Dorries has said far nastier things about our boyish Prime Minister than anyone in Labour has ever managed.

After the exploits of Pincher and Dorries, the Tories were due a punishment beating in Tamworth and Mid Bedfordshire.

That’s what they got.

But Labour have the momentum with them now.

And with the SNP collapsing in ­Scotland, Starmer’s path to power is looking clear.

Meaningless waffle

Doubts remain.

Not least about the Labour leader.

“I’ve always voted Tory but it needs a change,” one local told my colleague Oliver Harvey before the Tamworth vote.

“Let’s give Labour a chance — but there’s something about Keir Starmer I don’t like.”

Starmer has undoubtedly done a good job at removing the stench of extremism around Labour.

Sir Keir is clever enough to throw the hard left in his party a juicy bone from time to time — vowing to make private schools pay VAT, promising to crack down on non-dom tax exiles, swearing to build new towns that will solve our housing crisis.

None of these ideas will work.

Increasing the fees on private schools will simply drive thousands of kids into state schools and make private schools the province of the super-rich.

Hounding non-dom tax exiles will just make them move somewhere else.

And all of Starmer’s waffle about new houses is totally meaningless because he lacks the courage to say that an obvious reason for a shortage of housing is — immigration.

Rishi Sunak is young, smart, brave and energetic but undoubtedly carries on his slim shoulders the legacy of the four — count ’em — woefully mediocre Tory Prime Ministers who came before him.

And people vote for HOPE.

Hope is what gets us to the polling booth — the thought that our lives and the lives of those we love will get better.

Can Sunak provide this country with some vision of hope?

That is the only thing that can save his Government at the General Election.

Right now Keir Starmer isn’t just ­measuring the curtains for 10 Downing Street — he’s already in there scraping off Bojo and Carrie’s gold £840-a-roll Lulu Lytle wallpaper.

So come on, Rishi — give us all a reason to vote Tory!

Biden blunder

PRESIDENT Joe Biden is praised for his trip to Israel, backing the Israelis while urging them to not be consumed by the self-defeating rage we felt after the mass murder of 9/11.

But Biden crassly referred to Hamas as “the other team”.

It’s not a basketball game, Mr President.

Caine a true great

IF I was you, I would skip the new Martin Scorsese/Leonardo DiCaprio film Killers Of The Flower Moon (running time – an excruciating 3 hours and 26 minutes) and instead go to see the latest Michael Caine movie, The Great Escaper (running time – a breezy 96 minutes).

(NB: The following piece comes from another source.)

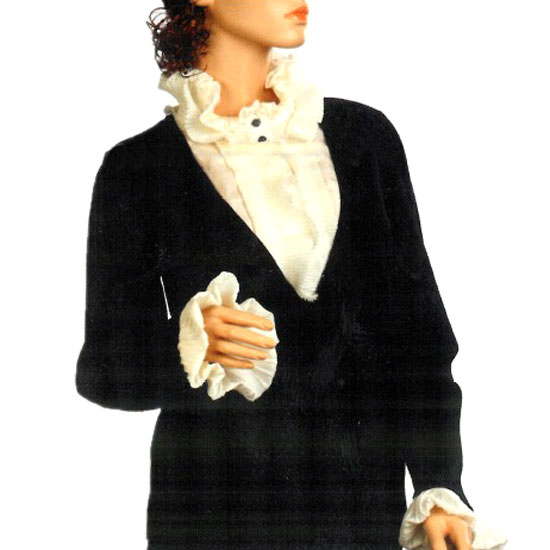 This ladies’ blouse is great for a decent look with its elegant flair. The faux two-piece design with an inner white shirt is exceptionally unique. The ruffle neckline and cuffs are truly feminine.

We think of Caine as one of the icons of the Swinging Sixties – driving a red, white or blue mini in The Italian Job, chasing dolly birds in Alfie.

PAMichael Caine will be remembered as a movie legend once he retires[/caption]

But as a World War Two veteran in The Great Escaper, we remember he comes from an older, tougher heritage.

Caine, now 90, is some ten years older than The Beatles and the Stones, who were the first generation of young Brits who did not have to do National Service.

But Michael served – from 1952 to 1954, in the Royal Fusiliers infantry regiment.

Still a teenager, Caine was a veteran of the Korean war.

On his first night on the front line, he experienced a suicide attack by Chinese troops.

Coming from the last generation who experienced combat has given his acting a far greater depth than all those thespians who never heard a shot fired in anger.

Unlike most actors, Caine has seen life in all its terror and fragility.

Michael truly is a golden thread that links us all to those lost parents, grandparents and great grandparents who built this country.

My favourite Michael Caine role is when he played a self-destructive romantic in Woody Allen’s Hannah And Her Sisters.

That won Caine the first of his two Oscars.

If there is any justice in the world, his moving performance in The Great Escaper will win him his third Academy Award.

He says he is retiring now and perhaps it is true. I do hope not.

Because The Great Escaper is a reminder that Michael Caine is our greatest actor.

Oas-ish

LIAM Gallagher – great front man.

­Definitely Maybe – great album, perhaps the greatest debut album ever by a British band.

GettyLiam Gallagher has announced he is doing a tour where he will perform the debut Oasis LP in its entirety[/caption]

And now Liam has announced he is doing a tour where he will perform the debut Oasis LP in its entirety.

So why is that not such great news?

Because the show will not feature Noel Gallagher – who wrote most of Oasis’ songs, and all of their hits.

Noel was the heartbeat of Oasis.

Liam touring Definitely Maybe is rather like Ringo Starr reforming The Beatles.

Then neglecting to include Paul McCartney.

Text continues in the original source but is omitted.